Outrossim, há também séria dúvida acerca da
tipicidade material de eventuais condutas que, do ponto de vista
formal, poderiam se adequar, em tese, ao delito tipificado no artigo 180 do
Código Penal (e que não é objeto da investigação preliminar em questão).
Ter-se-ia, ao contrário, a atipicidade material diante da insignificância do
valor dos objetos em poder dos sujeitos passivos da medida cautelar pleiteada. Ressalte-se,
ainda, que, mesmo que se reconheça a tipicidade material dessas condutas, o
delito subsistente permite medidas despenalizadoras, o que torna
desproporcional o afastamento de liberdades públicas antes mesmo de instaurada
investigação em desfavor dos mesmos pelo crime de receptação. Neste sentido:
HC 96496 / MT - MATO
GROSSO
STJ HABEAS CORPUS
Relator(a): Min. EROS GRAU
Julgamento: 10/02/2009 Órgão Julgador: Segunda Turma
STJ HABEAS CORPUS
Relator(a): Min. EROS GRAU
Julgamento: 10/02/2009 Órgão Julgador: Segunda Turma
Publicação: DJe-094 DIVULG 21-05-2009 PUBLIC 22-05-2009
PACTE.(S): CLEBER
RODRIGUES BONDESPACHO DA SILVA
IMPTE.(S):
DEFENSORIA PÚBLICA DA UNIÃO
COATOR(A/S)(ES):
SUPERIOR TRIBUNAL DE JUSTIÇA
Ementa
EMENTA: HABEAS CORPUS. PENAL. FURTO. PRINCÍPIO DA INSIGNIFICÂNCIA. APLICABILIDADE. OCULTA COMPENSATIO.1. A aplicação do princípio da insignificância
há de ser criteriosa e casuística. 2. Princípio que se presta a beneficiar as
classes subalternas, conduzindo à atipicidade da conduta de quem comete delito
movido por razões análogas às que toma São Tomás de Aquino, na Suma Teológica,
para justificar a oculta compensatio. A conduta do paciente não excede esse
modelo. 3. A
subtração de aparelho celular cujo valor é inexpressivo não justifica a
persecução penal. O Direito Penal, considerada a intervenção mínima do
Estado, não deve ser acionado para reprimir condutas que não causem lesões
significativas aos bens juridicamente tutelados. Aplicação do princípio da
insignificância, no caso, justificada. Ordem deferida.
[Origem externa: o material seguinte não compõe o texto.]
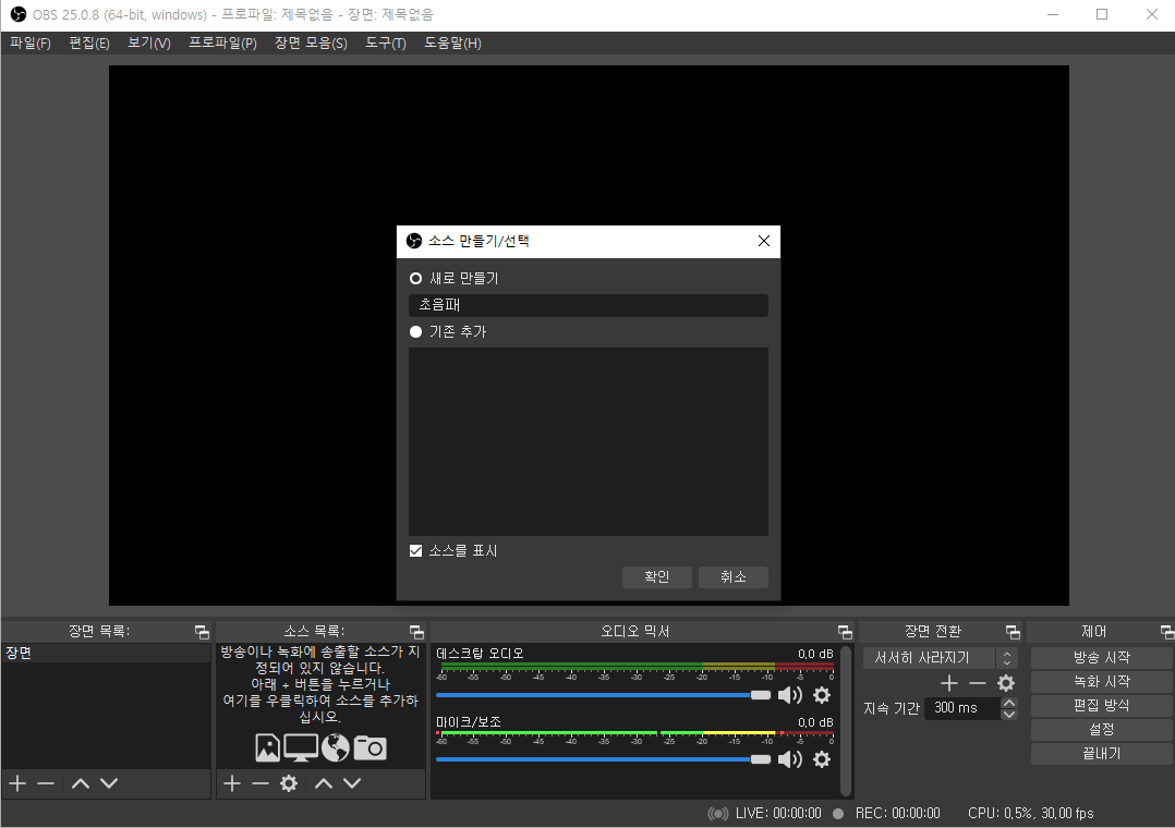 프로그램은 공식홈페이지 (https://obsproject.com/ko)에서 다운로드 가능합니다.

EMENTA: HABEAS CORPUS. PENAL. FURTO. PRINCÍPIO DA INSIGNIFICÂNCIA. APLICABILIDADE. OCULTA COMPENSATIO.
Por tudo isso, impossível o
acolhimento das medidas cautelares pleiteadas, razão pela qual indefiro o
pedido de fls. 96/105, corroborado à fl.106.
Intimem-se.
Rio de Janeiro, 23 de julho de 2013.
Rubens R R Casara
Juiz de Direito
[1]
DUTRA, Luciano. Busca e apreensão penal: da legalidade às ilegalidades
cotidianas. Florianópolis: Conceito, 2007, pp. 162-163.